As You Have More Data Available: Consider Advanced Data Methods like Machine Learning

CASE at Duke
Scaling Pathways
Published in
12 min readDec 8, 2020
“Data is the cake, machine learning and artificial intelligence are the frosting; 80 percent of data problems are
simple business intelligence problems. Instead of asking ‘how do we use a solution like machine learning’ ask what is the problem we are trying to solve?”
Bob Filbin, Crisis Text Line

Machine learning and artificial intelligence are all around us: for example, Amazon recommending the next product that you “must” have and ride-share apps telling you how long until your driver arrives. And as we witness an explosion of data in the impact sector — resulting from an increased focus on data collection and the huge quantities of data becoming available through mobile phones, satellites, social media, and more — we are seeing more opportunities for machine learning in service of social impact.

The positive implications are enormous: early prediction of earthquakes, more accessible and higher quality health diagnoses, real-time deforestation monitoring, and so much more. However, the negative impacts can be major as well, not only taking precious time and resources to deploy, but amplifying biases and leading to investments in misguided interventions (often resulting from lack of context and poor-quality data). The positives and negatives of machine learning warrant careful consideration; our interviewees who have ventured into this area provided advice as shared below.

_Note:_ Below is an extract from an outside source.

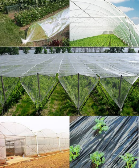 Des filets en polyéthylène extrudé sont utilisés pour ombrager et protéger les récoltes contre les oiseaux, les rongeurs et les cerfs. Une autre application importante concerne la consolidation du sol, où les filets maintiennent le sol en place (en particulier dans les talus en pente) jusqu’à ce que des buissons ou des arbres aient développé des racines suffisantes pour le stabiliser. Des filets plus gros sont souvent utilisés pour faire des clôtures légères pour l’élevage. Les monofilaments extrudés en polyéthylène et en polypropylène sont largement utilisés pour fabriquer des cordes et des ficelles, y compris des ficelles à ballots pour les ballots de fourrage et autres produits agricoles.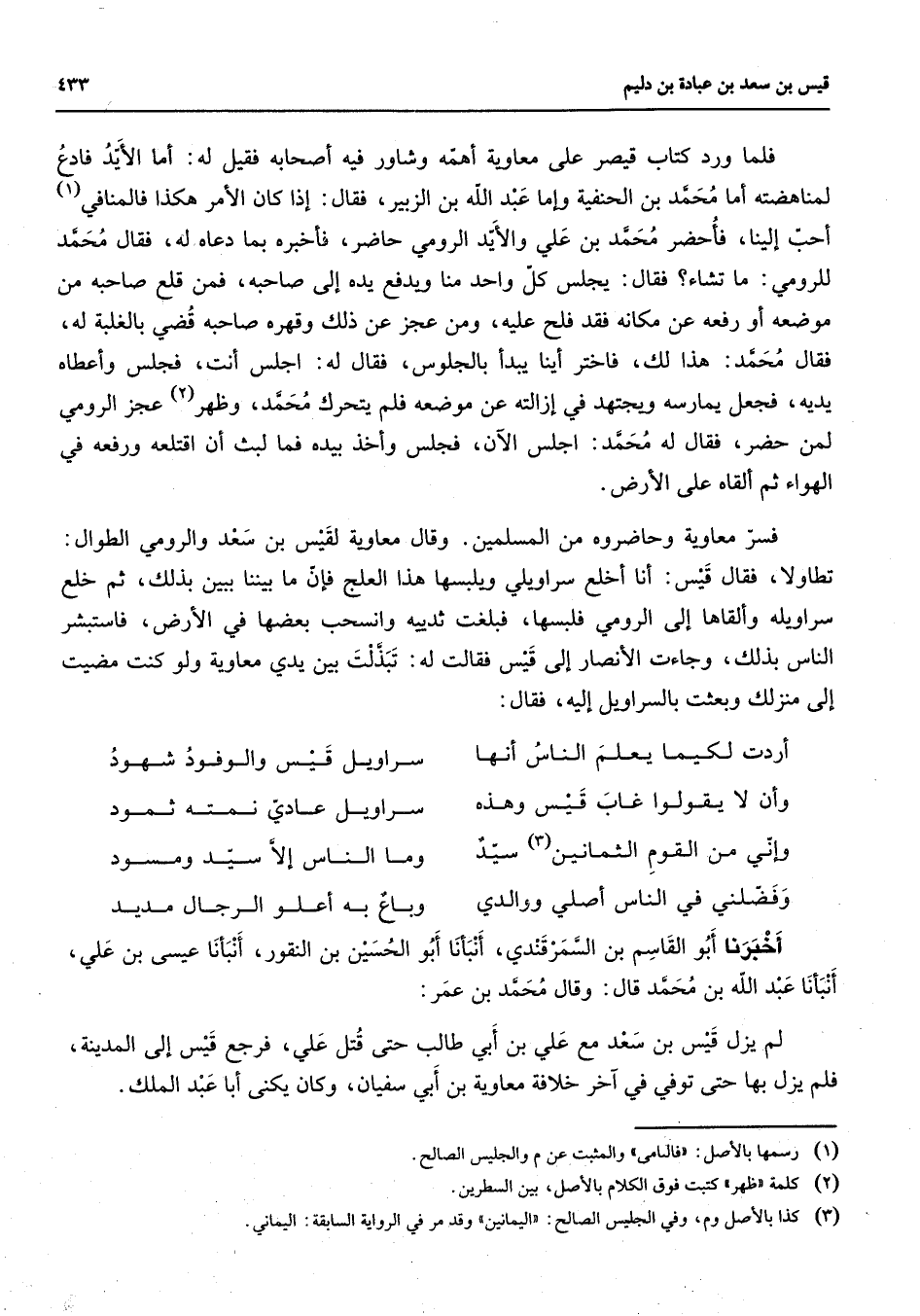 فلما ورد كتاب قيصر على معاوية أهمه وشاور فيه أصحابه فقيل له أما الأيد فادع لمناهضته أما محمد بن الحنفية وأما عبد الله بن الزبير فقال إذا كان الأمر هكذا فالمنافي (1) أحب إلينا فأحضر محمد بن علي والأيد الرومي حاضر فأخبره بما دعاه له فقال محمد للرومي ما تشاء فقال يجلس كل واحد منا ويدفع يده إلى صاحبه فمن قلع صاحبه من موضعه أو رفعه عن مكانه فقد فلح عليه ومن عجز عن ذلك وقهره صاحبه قضي بالغلبة له فقال محمد هذا لك فاختر أينا يبدأ بالجلوس فقال له اجلس أنت فجلس وأعطاه يديه فجعل يمارسه ويجتهد في إزالته عن موضعه فلم يتحرك محمد وظهر (2) عجز الرومي لمن حضر فقال له محمد اجلس الآن فجلس وأخذ بيده فما لبث أن اقتلعه ورفعه في الهواء ثم ألقاه على الأرض فسر معاوية وحاضروه من المسلمين وقال معاوية لقيس بن سعد والرومي الطوال تطاولا فقال قيس أنا أخلع سراويلي ويلبسها هذا العلج فإن ما بيننا ببين بذلك ثم خلع سراويله وألقاها إلى الرومي فلبسها فبلغت ثدييه وانسحب بعضها في الأرض فاستبشر الناس بذلك وجاءت الأنصار إلى قيس فقالت له تبذلت بين يدي معاوية ولو كنت مضيت إلى منزلك وبعثت بالسراويل إليه فقال * أردت لكيما يعلم الناس أنها * سراويل قيس والوفود شهود وأن لا يقولوا غاب قيس وهذه * سراويل عادي نمته ثمود * * وإني من القوم الثمانين (3) سيد * وما الناس إلا سيد ومسود وفضلني في الناس أصلي ووالدي * وباع به أعلو الرجال مديد * أخبرنا أبو القاسم بن السمرقندي أنبأنا أبو الحسين بن النقور أنبأنا عيسى بن علي أنبأنا عبد الله بن محمد قال وقال محمد بن عمر لم يزل قيس بن سعد مع علي بن أبي طالب حتى قتل علي فرجع قيس إلى المدينة فلم يزل بها حتى توفي في آخر خلافة معاوية بن أبي سفيان وكان يكنى أبا عبد الملك

Is machine learning right for you?

What is the problem that you are trying to solve and is machine learning — or something simpler — the tool to solve it? As Sharmi Surianarain, Chief Impact Officer of Harambee warns, “Organizations and funders always want to go for the new shiny tools. But my advice would be: don’t start the conversation focused on machine learning and artificial intelligence. Instead, start by asking ‘what is the question that we want to answer?’ Then determine what data you have and what the right methodology and tools are to move us toward an answer.” It could be machine learning, but it is more likely to be something far simpler.

Surianarain’s caution was echoed by multiple interviewees, including Crisis Text Line’s Co-Founder and Chief Data Scientist, Bob Filbin. He gave the example of when, early in Crisis Text Line’s history, it wanted to understand how Crisis Counselors were using their time and ways in which they could be more efficient. While Crisis Text Line was developing capacity for highly complex analytic methods, it was able to identify a major opportunity by first using simple descriptive statistics. The discovery that approximately three percent of its texters were using up to 34 percent of its Crisis Counselors’ time allowed Crisis Text Line to develop processes to support those frequent texters while freeing up counselor time for other text conversations. With respect to machine learning, Crisis Text Line spent four years thinking about the problems it wanted to solve and building data systems and a strong data culture before beginning to employ machine learning.

So how do you know if you have a problem that is ripe for a machine learning methodology? And if you have the right problem, how do you know that you have the right data to enable machine learning to work? Follow the stories of Educate Girls and Crisis Text Line below to learn more.

STEP ONE: Assess Your Problem’s Fit with Machine Learning

Machine learning is particularly good at taking large amounts of data and identifying relationships across many variables, recognizing patterns, and making predictions based on those patterns. For example, machine learning predictions can help with prevention (e.g., forecasting disease outbreaks), targeting of programmatic interventions (e.g., predicting yields of different types of crops or improving credit scoring algorithms to predict factors for repayment), and filling in data gaps. In order to assess if your problem is right for machine learning, you must first identify a mission-critical problem with a need for predictive capacity to solve.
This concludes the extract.